Brew points out to me later that there is a 15 mile an hour speed limit on the trail. He knows it irks lots of cyclists. He’s a racer himself but says, “Not everyone is a pro cyclist with the reflexes of a cat…a lot of people need that cushion of time over distance. Traveling at 15 mph allows you to be able to react safely. “
Brew’s been patrolling by bike for two years and had to go through training for it. One of the basic skills for a bike patrol officer: learning how to pursue a suspect who figures getting away is as easy as heading for the nearest staircase. Brew says, he can handle that: “Which is the most fun part actually, learning how to ride up and down stairs.”
And police on bikes do carry weapons. “We learn how to draw a weapon from the bike, skid to a stop and shoot a target. We also learn how to go into a skid, lay on our backs while still straddling the bike and shoot from the ground, because if you’re chasing a suspect at a high speed, and a suspect turns around and points a gun at you-- it’s not a situation you ever want to find yourself in, but we have to practice it.”
Brew says two things are particularly troublesome on the trail: pets on long leashes which are allowed to stretch across the trail, and children who are still learning to handle a bike plopped in the thick of the action on a weekend. He says diplomatically: “It might not be the best place to take the training wheels off for the first time and teach them how to ride.”

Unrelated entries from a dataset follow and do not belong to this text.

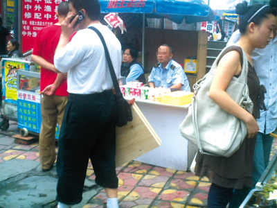 6月13日,網友“透明”在大渝網發(fā)帖稱,當日他前往楊家坪辦事,看到一個光頭城管正在幫一個小販看攤,詫異之余用手機拍下了這一幕。記者從照片中看到,在人行道上,一個由一把太陽傘和一個玻璃柜臺組成的雜貨攤后面,該城管正悠閑地坐著,似乎很享受守攤的感覺。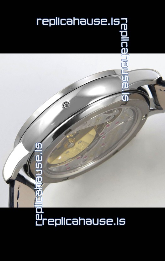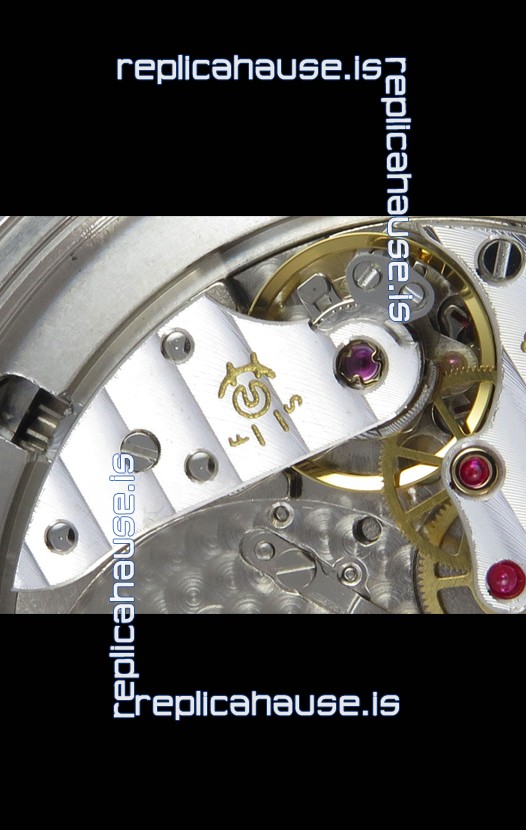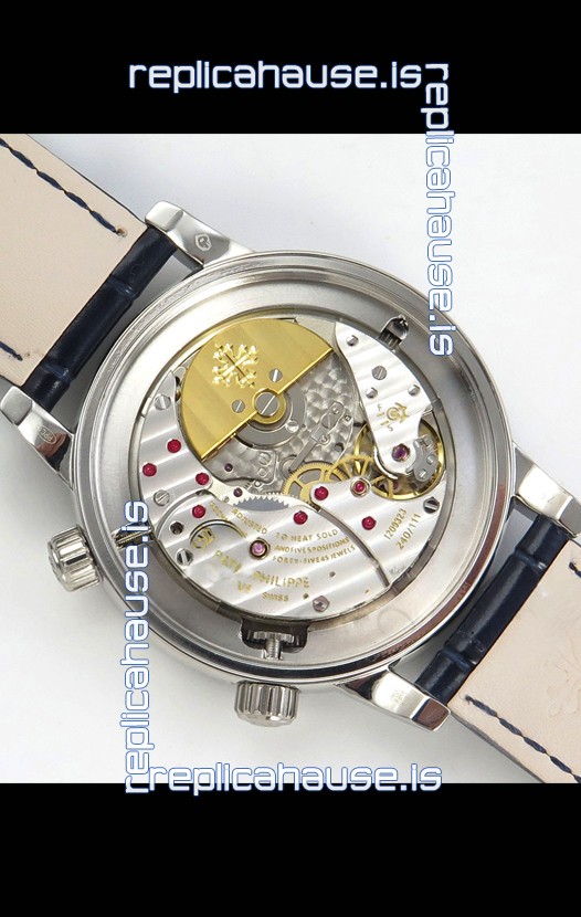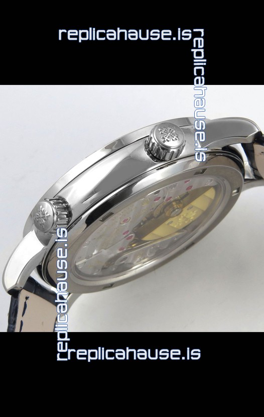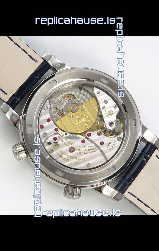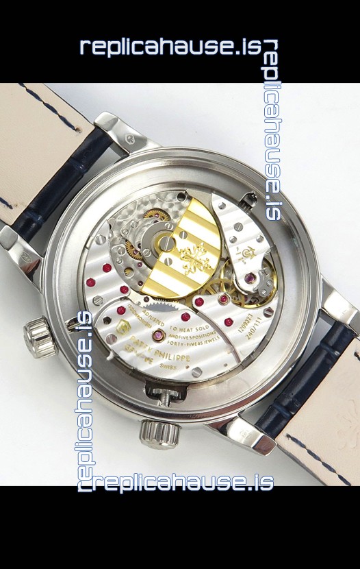Genuine Swiss 9015 Movement assembled to Resemble the Authentic Patek Philippe PP 240 Calibre Style Movement. Updated Rotor, Bridged and Engravings on Movement with Rose Gold Plated Patek Philippe Stamped Rotor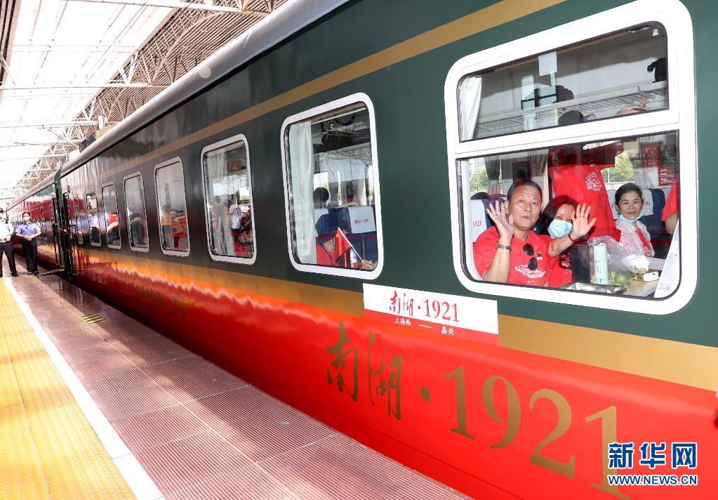 2021年6月25日,乘坐Y701次“上海至嘉興紅色旅游列車”的旅客在鐵路上海西站準(zhǔn)備出發(fā)。這是一趟紅色教育主題列車,連接起上海中共一大會址與嘉興南湖。新華社記者 陳飛 攝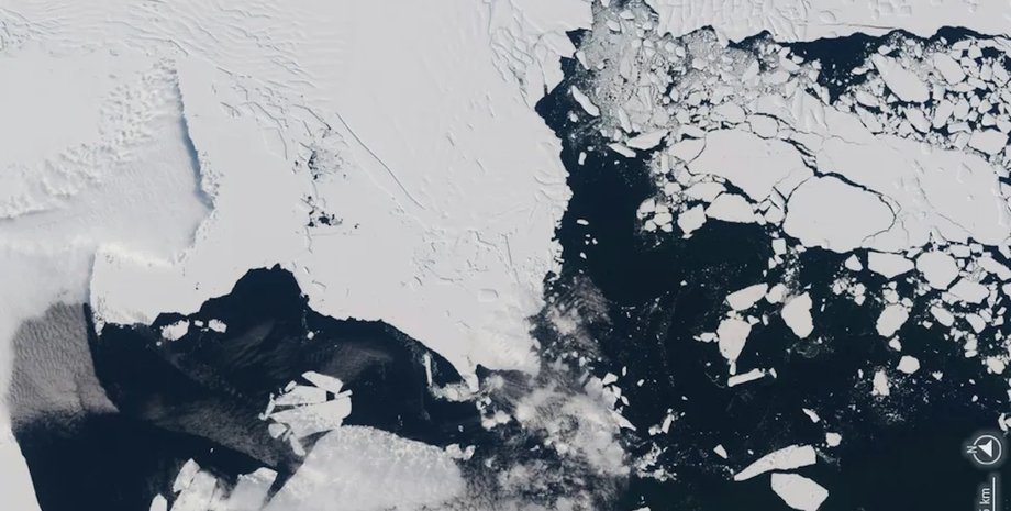 Снимок из космоса ледника Туэйтса в Западной Антарктиде, который подвергается воздействию сотен…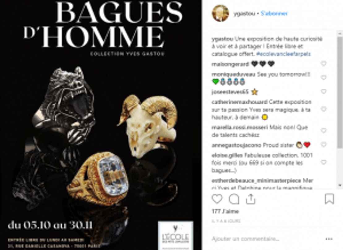Quand certains veulent en porter pour célébrer un événement, à l’instar d’Antoine Griezmann et de son envie d’obtenir une bague de champion du monde, d’autres la portent pour rappeler la grandeur de l’évêque à qui l’on baise la main à la fin d’une messe, comme Yves Gastou, antiquaire et collectionneur. Fasciné par ce monde « d’hommes qui ont le droit de porter des bijoux », il développe dès l’adolescence une passion pour ces ornements pourtant très décriés par la gente masculine à l’époque. Le résultat de cette rébellion adolescente ? 669 bagues, collectées depuis plus de 30 ans, et exposées en ce moment à l’Ecole des arts joailliers de Paris en collaboration avec la Maison Van Cleef & Arpels.

Brew sets a good example as I go on this early morning ride-along. His pace is steady, he calls out to cyclists and pedestrians as he passes, and he looks out for those in trouble. But when he’s on his own bike on his own time? He admits, it would be tempting to streak through an intersection here and there, especially when there’s little traffic.
“That really crosses your mind a lot, but I think I need to be a good example… one bad cyclist can ruin it for 50 bicyclists. If they see that one person blow through a red light, or blow through a stop sign, they’re gonna say “See? All cyclists are bad.”